Vance afirmó que el enviado de la Casa Blanca, Jared Kushner, yerno de Trump, había ideado un proceso mediante el cual Estados Unidos y Qatar tendrían el control de los fondos iraníes una vez descongelados, y ese dinero podría gastarse en maíz, soja y trigo estadounidenses.
«Así que el dinero que recaudemos irá a parar a nuestros agricultores», dijo Trump a los periodistas.
Sin embargo, el gobernador del Banco Central de Irán, Abdolnaser Hemmati, afirmó que no existía tal obligación y que al menos parte de los fondos congelados restantes podrían utilizarse para comprar otros bienes no sancionados, según informó la agencia de noticias iraní Tasnim.
ALTO A LAS HOSTILIDADES
Las conversaciones técnicas debían continuar durante el resto de esta semana.
El acuerdo de paz provisional exige el cese de todas las hostilidades, incluso en el Líbano, país que Israel invadió en marzo después de que Hezbolá disparara a través de la frontera.
Israel no fue parte del acuerdo de paz y afirma que no retirará sus tropas del Líbano, pero el viernes acordó un nuevo alto el fuego.
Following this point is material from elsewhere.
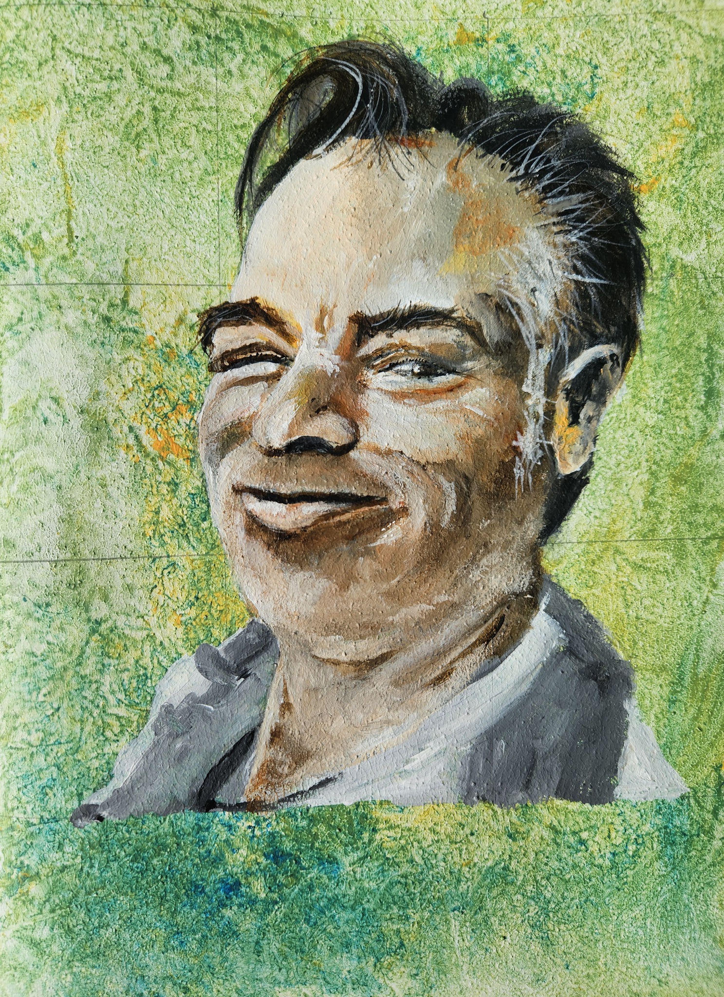 Een portret schildering van mijn partner Maarten in mijn schetsboek

Aunque los intensos combates continuaron un día más, las autoridades libanesas dijeron que habían disminuido desde la noche del sábado.
Israel y Líbano tenían previsto iniciar una nueva ronda de conversaciones en Washington el martes, y Beirut estaba decidido a seguir adelante con las negociaciones directas, a pesar de que estas parecen verse eclipsadas por la decisión de Irán de incluir a Líbano en sus negociaciones con Estados Unidos.
Hassan Wazni, director de un hospital en la ciudad de Nabatieh, fuertemente bombardeada, dijo que eran los dos primeros días completos de calma desde que comenzó la guerra.
«Estoy siguiendo la situación día a día, y la mayor parte del tiempo duermo en el hospital. Este es el alto el fuego más largo que se ha mantenido», declaró a Reuters por teléfono.
Más de un millón de libaneses han sido desplazados por la guerra, y aunque algunos han comenzado a regresar a sus hogares, muchos aún se muestran demasiado cautelosos.
En Qennarit, una ciudad del sur, los dolientes portaban los cuerpos de cuatro mujeres que murieron en la ola de ataques israelíes del sábado. Los ataúdes estaban cubiertos con banderas amarillas de Hezbolá con el logotipo verde del grupo: un brazo que sostiene un fusil de asalto.